Hi there,

I'm working on a hierarchical dataset where individuals are nested within the household. I would like to count the number of brothers/sisters the individual has in the household. For each household, I have the person's id, their father/mother's id and gender.

Code:
clear
input double(pid fid code gender codef codem)
110001101 110001 101 1 201 202
110001102 110001 102 0 204 205
110002101 110002 101 1 201 202
110002102 110002 102 0 203   .
110002103 110002 103 0 101 102
110003101 110003 101 1 201 202
110003102 110003 102 0 203 204
110003103 110003 103 0 101 102
110005101 110005 101 0 102 103
110005102 110005 102 1 201 104
110005103 110005 103 0 202 203
110005104 110005 104 0 204 205
110006101 110006 101 1 201 202
110006102 110006 102 0 203 204
110006103 110006 103 0 101 102
110007101 110007 101 0 102 104
110007102 110007 102 1 201   .
110007103 110007 103 1 102 104
110007104 110007 104 0 202   .
110009101 110009 101 0 201 202
end

label var pid "Individual ID"
label var fid "household ID"
label var code "ID within household"
label var gender "gender"
label var codef "father ID within household"
label var codem "mother ID within household"

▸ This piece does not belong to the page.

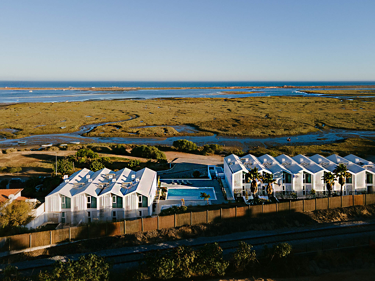 Entre a linha costeira e a localidade da Fuseta, o projecto residencial Casas de Sal está concluído e pronto a habitar. Compreende três lotes dos quais dois são residenciais. O terceiro lote, reservado às áreas comuns, acomoda diversos serviços e uma piscina sobranceira à Ria Formosa.
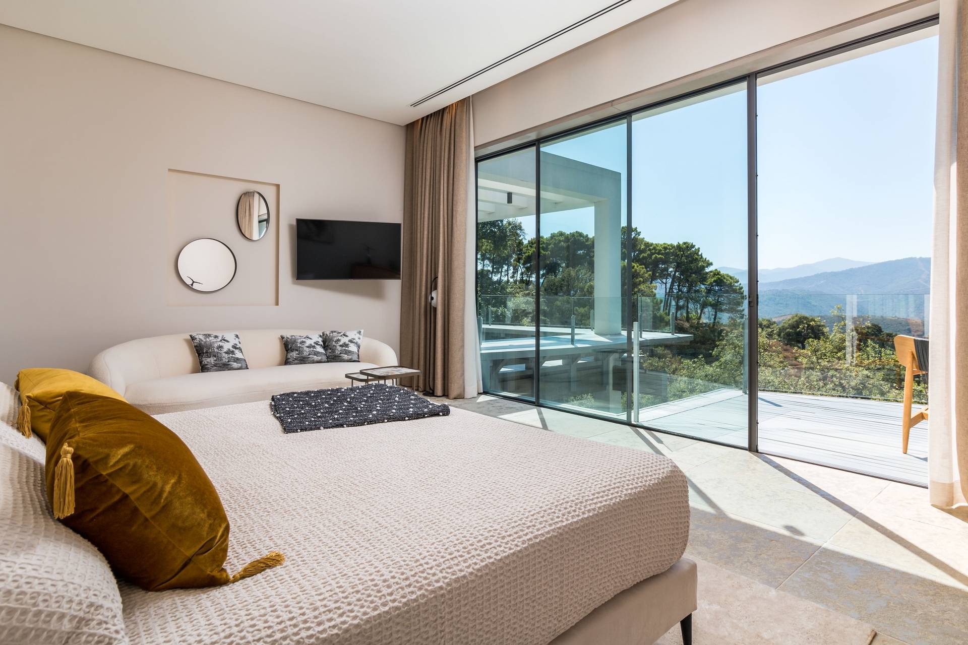 Schitterende terrassen met uitzicht op de bergen, zwembad en jacuzzi. Garage voor 4 auto's. De villa wordt volledig gemeubileerd verkocht.

In counting the number of brothers, for example, I'd like to first identify anyone who is male, and shares the same father id/ mother id, to be one's brother. And then counting the number of brothers one has in the household.

I'd like to do this without looping through the data. Here's my try:

Code:
bysort fid  : g sib_male=sum((gender[_n+1]==1)  &((codef==codef[_n+1] & codef<. ) |  ///
                                                  (codem==codem[_n+1] & codem <. ) ) )
bysort fid : replace sib_male=sib_male[_N]
However, it seems that the code is incorrect, as it assigns everyone in the family has the same number of brothers.

Can ayone help me figure out the correct way to conduct this? Many Thanks!